A serotonergic discrimination favoring synaptic inputs that accompany robust spike firing in lateral amygdala neurons.

The amygdala and serotonergic innervations thereunto are considered to cooperatively modulate affective behaviors. By whole-cell recording, the present study examined effects of serotonin (5-HT) on synaptic transmission in the rat basolateral amygdala (BLA) complex, which is the amygdalar entrance for sensory information. Application of 5-HT-attenuated excitatory postsynaptic currents at synapses from the lateral amygdala (LA) to the BLA proper, and also at synapses from putative thalamic afferents to LA principal neurons, both depending on 5-HT(2) receptors. This reduction of synaptic responses was confirmed in the BLA under current clamp. In the LA, by contrast, synaptic potentials were not reduced, but enhanced by 5-HT. With 5-HT bath-applied, a prolonged depolarization was induced in LA neurons by strong synaptic stimulation, which appears similar to a slow after-depolarization (sADP) induced by injecting depolarizing currents.
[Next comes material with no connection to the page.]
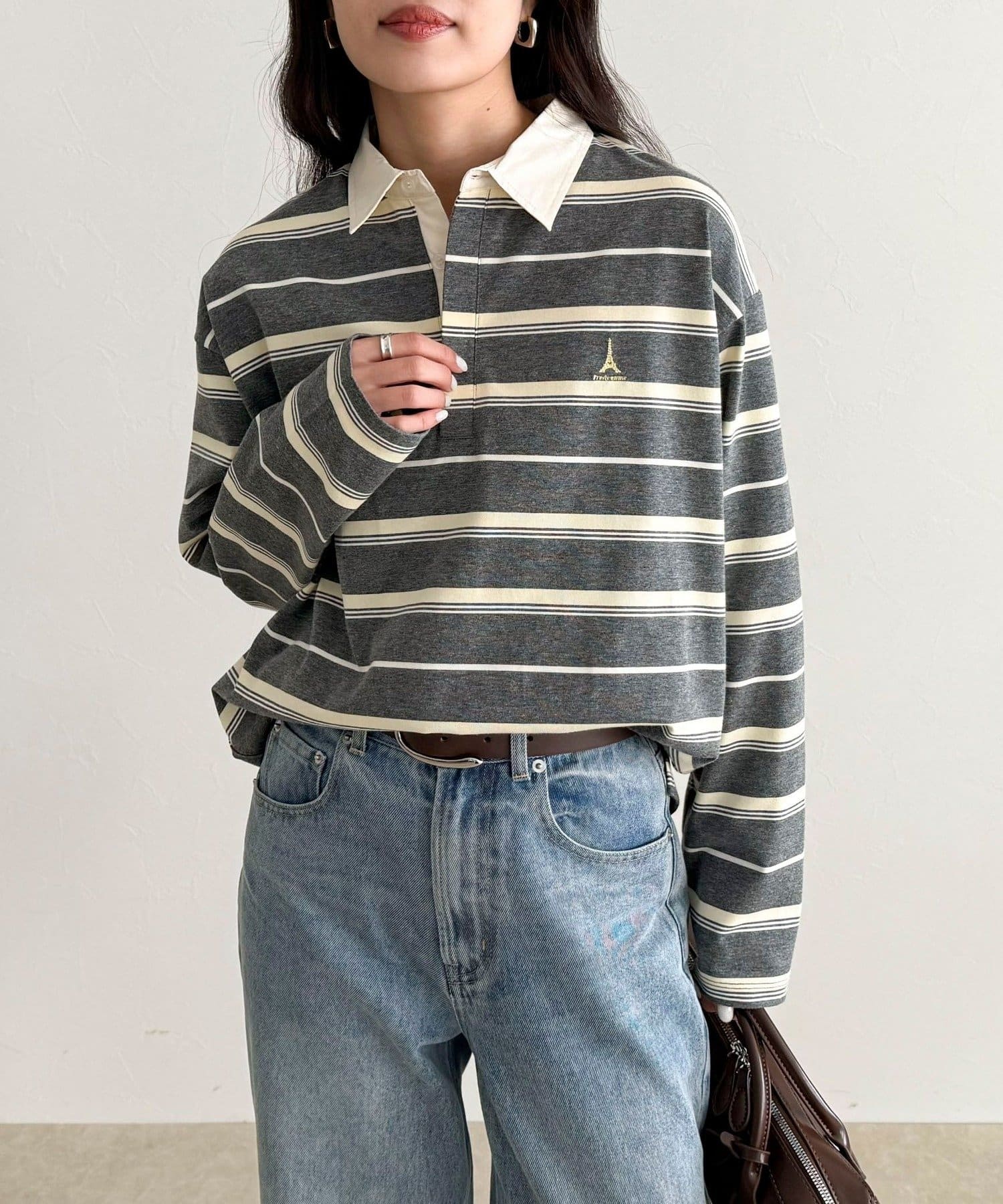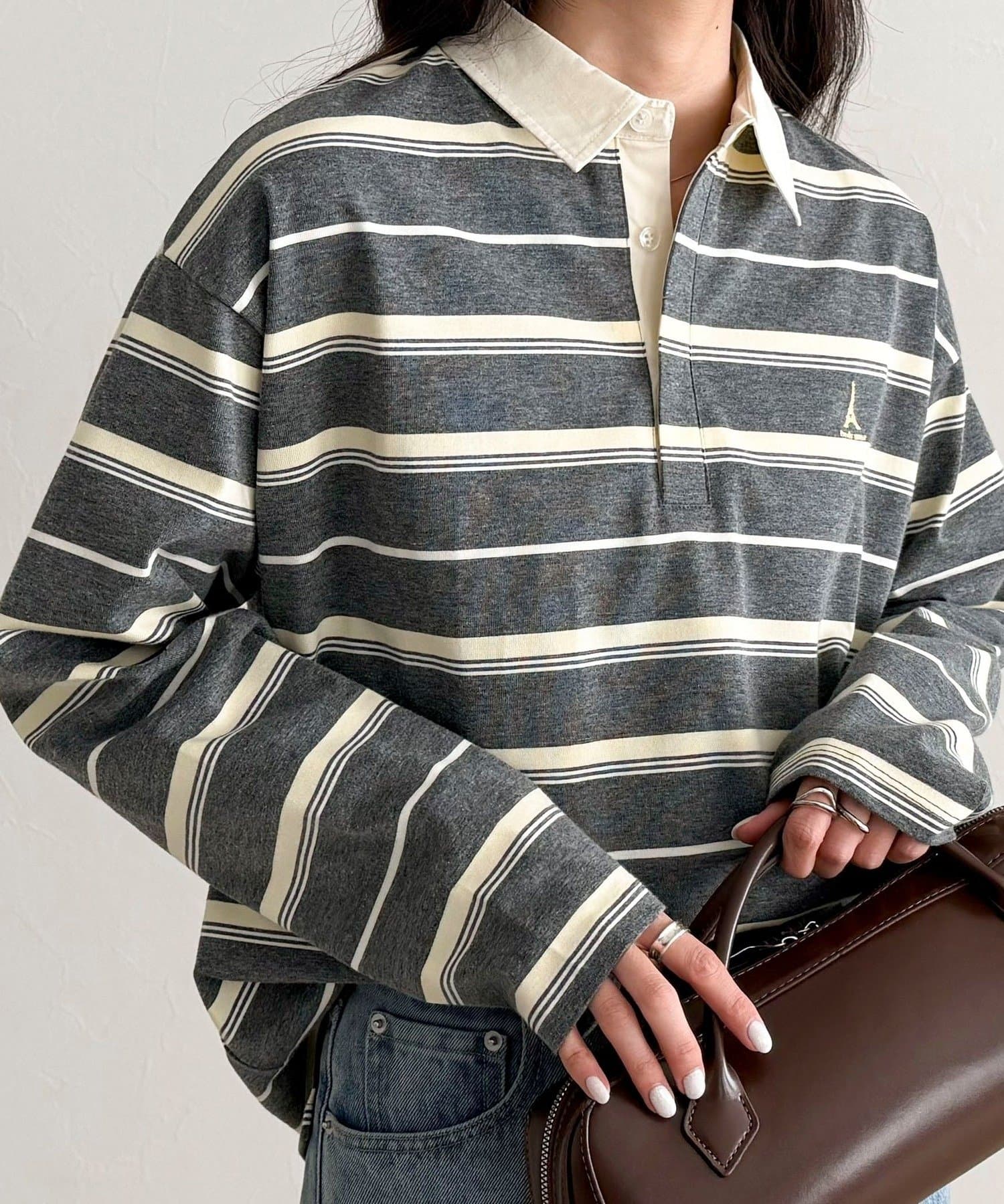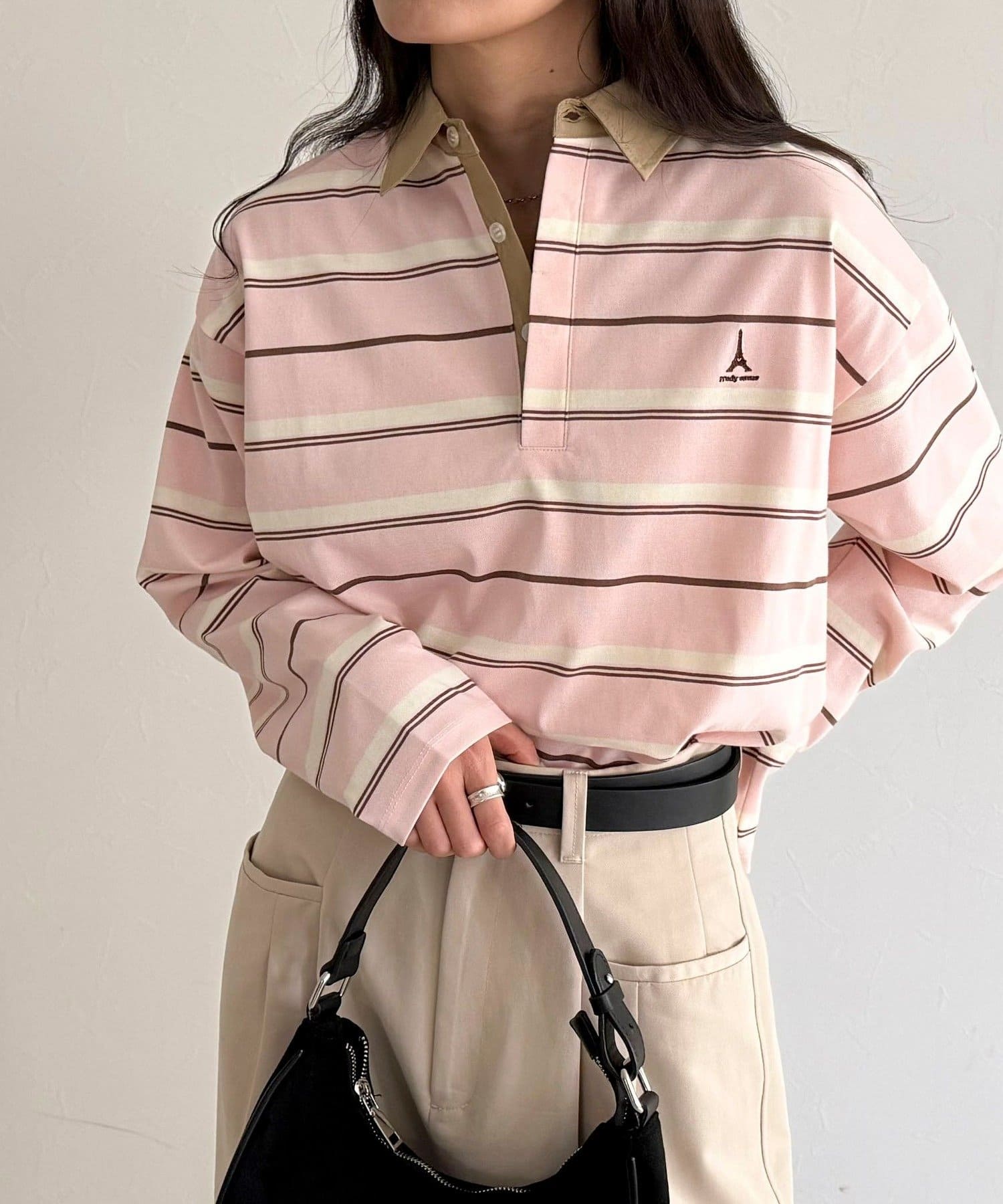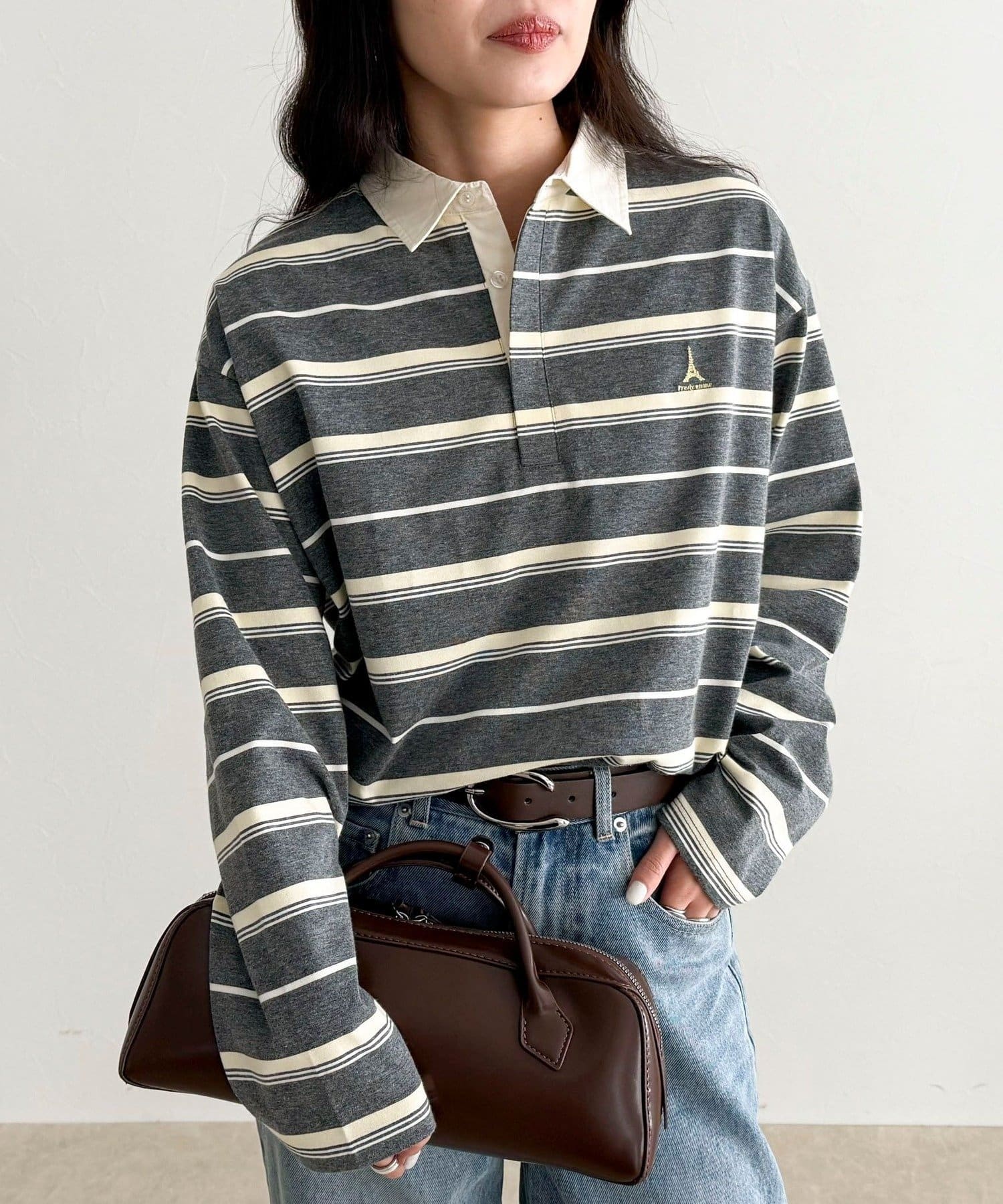 ・ラガーシャツならではの襟デザインがカジュアルスタイルに品の良さをプラス

Occurrence of such current-induced sADP was confirmed in LA neurons. Both the synaptically-activated prolonged depolarization and the current-induced sADPs depended on 5-HT(2) receptor activation and postsynaptic calcium increase, suggesting that the same postsynaptic intrinsic mechanisms are involved. Reduction of potassium currents was identified as a major ionic mechanism for this sADPs. We thus revealed that 5-HT usually reduces overall synaptic transmission in the whole BLA complex, but enables sADPs to occur, thereby increasing synaptic responsiveness of LA neurons in a positive feedback manner. With this duality of 5-HT actions in operation, a weak input to the BLA complex would be usually eliminated, but could be selected were it associated with sufficiently large depolarization.